- _Dataset extract_

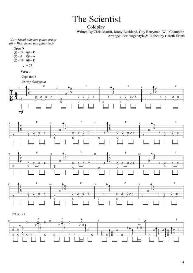 The scientist fingerstyle clearance, THE SCIENTIST FINGERSTYLE GUITAR TAB clearance
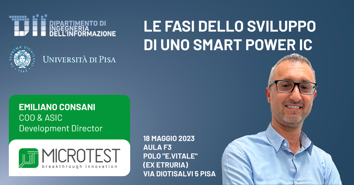 Emiliano Consani, COO e ASIC Development Director di Microtest, sarà il relatore di un seminario dal titolo “Le fasi dello sviluppo di uno Smart Power IC: dalla definizione della specifica alla completa maturità del dispositivo seguendo l’approccio integrato del “Design for X”.
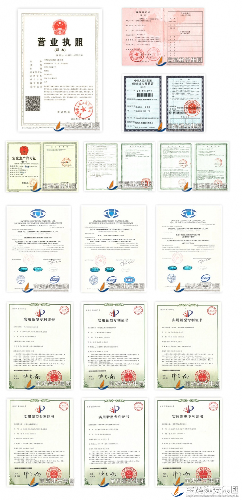 Qualification:the company has qualifications of first-level general contracting of housing construction, second-level general contracting of municipal public engineering and mechanical & electrical installation engineering, professional first-level general contracting of steel structure work, fire-fighting facilities engineering, lifting equipment installation work and building decoration engineering, as well as professional second-level contracting of ancient garden construction engineering and building curtain wall engineering.
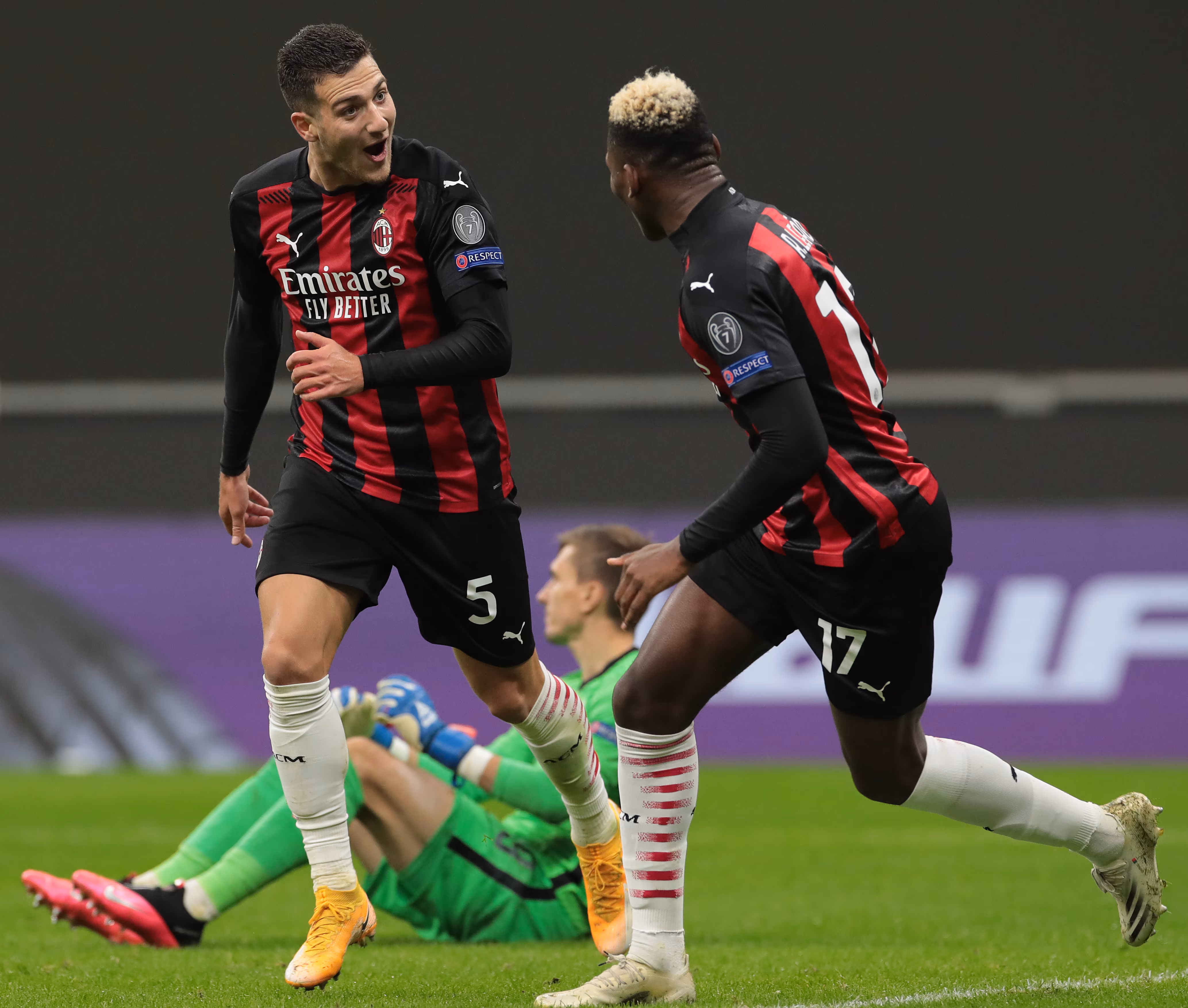 MILAN, ITALY - OCTOBER 29: Diogo Dalot of AC Milan celebrates after scoring the third goal of his team with his team-mate Rafael Leao during the UEFA Europa League Group H stage match between AC Milan and AC Sparta Praha at San Siro Stadium on October 29, 2020 in Milan, Italy. (Photo by Emilio Andreoli/Getty Images)

- _Problem to work on_
The answer must be the listing above, restated word for word, with no images in it.

- _Task response_
 The scientist fingerstyle clearance, THE SCIENTIST FINGERSTYLE GUITAR TAB clearance
 Emiliano Consani, COO e ASIC Development Director di Microtest, sarà il relatore di un seminario dal titolo “Le fasi dello sviluppo di uno Smart Power IC: dalla definizione della specifica alla completa maturità del dispositivo seguendo l’approccio integrato del “Design for X”.
 Qualification:the company has qualifications of first-level general contracting of housing construction, second-level general contracting of municipal public engineering and mechanical & electrical installation engineering, professional first-level general contracting of steel structure work, fire-fighting facilities engineering, lifting equipment installation work and building decoration engineering, as well as professional second-level contracting of ancient garden construction engineering and building curtain wall engineering.
 MILAN, ITALY - OCTOBER 29: Diogo Dalot of AC Milan celebrates after scoring the third goal of his team with his team-mate Rafael Leao during the UEFA Europa League Group H stage match between AC Milan and AC Sparta Praha at San Siro Stadium on October 29, 2020 in Milan, Italy. (Photo by Emilio Andreoli/Getty Images)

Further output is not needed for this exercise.